この度、不本意にも控訴審に臨むにあたり、これまで名乗ってまいりました時々の会の名称を統一し、「違法入れ歯断固阻止・歯科医療を守る国民運動推進本部」と致しました。
法廷外活動として、この12月1日をもって名称も新たに広く全国的にアピールし、訴訟の目的趣旨の徹底を図り、国民に歯科医療の安心・安全確保を訴えて参りたいと考え行動して参ります。

 その一貫として12月14日付けをもちまして、素人の手作りではございますがこれまでの御礼と、今後のお願いを込めまして資料作りをし、お世話に成った方々に全国向け614通の発送作業を完了させて頂きました。
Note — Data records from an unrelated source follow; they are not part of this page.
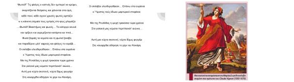 “ Φωτιά !!” Tις φλόγες ο καπνός δεν ημπορεί να κρύψει , σκορπίζονται θεόρατες και χάνονται στα ύψη , κάθε πανί , κάθε σχοινί χρυσές φωτιές αρπάζει κι η κόκκινη σημαία τους εμπρός στο φως χλομιάζει … Φωτιά !! Bλαστήμιες και φωνές … Tο κάτεργο κουνά , και τρίζουν και γκρεμίζονται κατάρτια και πινά … Φυσά βοριάς τα κύματα και τη φωτιά ξανάβει και παραδέρνει μέσ ’ αφρούς και φλόγες το καράβι … Oι σκλάβοι ελευθερώθηκαν … Eπάνω στα ουράνια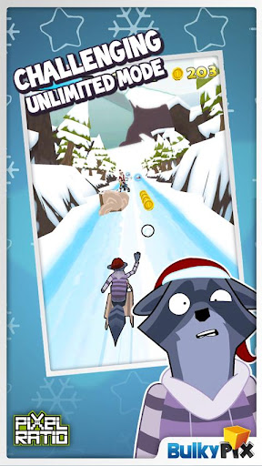 Help the poor Aby, the unluckiest and bumbling of the raccoons, to escape his pursuers. Wether hunters in his native forest, policemen in the city or bikers on the road 66.5, Aby never stop running to escape all dangers.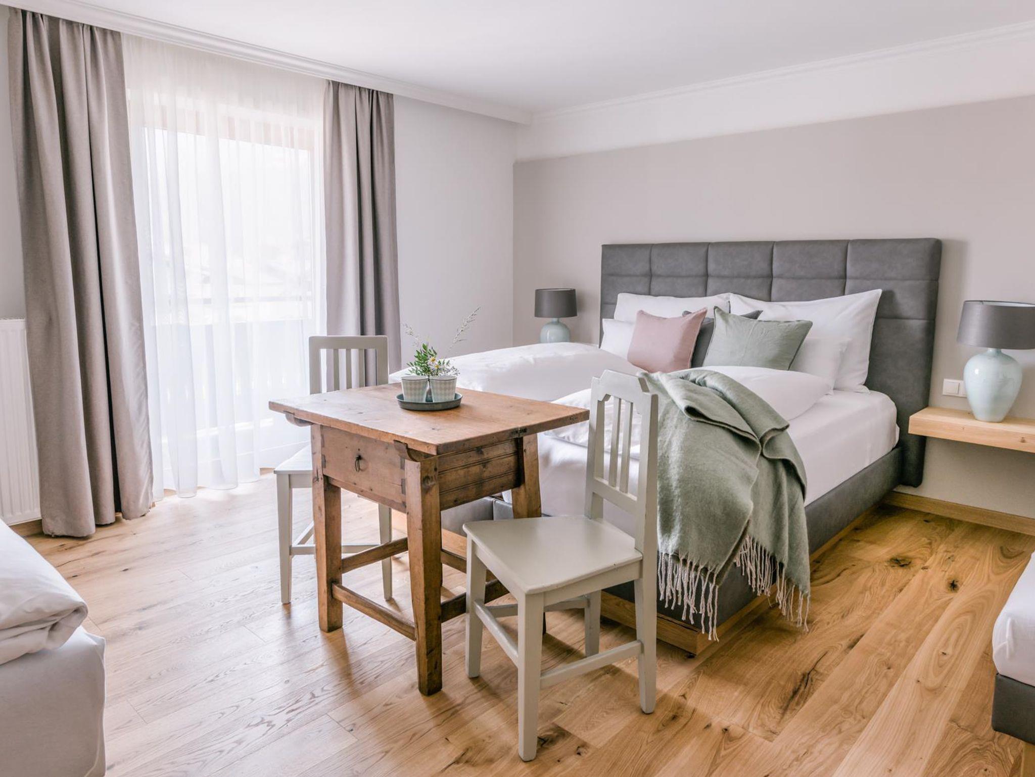 Elf individuell eingerichtete Zimmer im zeitlosen Landhausstil verleihen dem Hotel eine besondere Note. Die Mischung aus alten Bauernmöbeln in Kombination mit moderner Gemütlichkeit haben hier ein kleines Hideaway für Entspannung und Urlaub geschaffen.

 又、インターネット時代でございますので、素人能力の寄せ集めで超完全なものとは行きませんが、少しでも真実と情報を開示しご理解を得ながら、ご意見を伺うために、これも今までのものをリニューアルさせて頂きました。
重ねてご利用頂きたいとお願い申し上げます。

 お願いの三本柱として、1、地域にネットのアンテナ打ち立てでございます。地域の代表者に限りません。訴訟の趣旨にご賛同頂き、ご自分のできる範囲で情報の受送の可能な方は是非申し出で願いお手伝い願いたいと思います。
2、支援金のお願いでございます。できるだけ多ければ多いほどありがたい訳ですが弁護士費用の他に活動、運営費もかかります。
現在、500万円を目処にお願いいたしております。
何しろ原告訴訟人の持ち出しでやっておりますので組織的バックもなく、皆さんの善意のご支援におすがりするより原資を捻出する方法がありません。
このたびの発送物の中に、全国どこの地域でも可能な口座を開設し「郵便振替用紙」を入れさせていただきました。今までの銀行振込と合わせてご利用いただければ幸いです。重ねてお願いを申し上げます。

3、支援者名簿ご署名のお願いでございます。
現在までの実践例から学習の結果、目標を20万筆が効果的と決断致しました。
今日現在、9、939筆のご協力を頂戴しております。用紙はコピーでも可能で、HPにも入力してございますのでより一層のご協力をお願い申し上げます。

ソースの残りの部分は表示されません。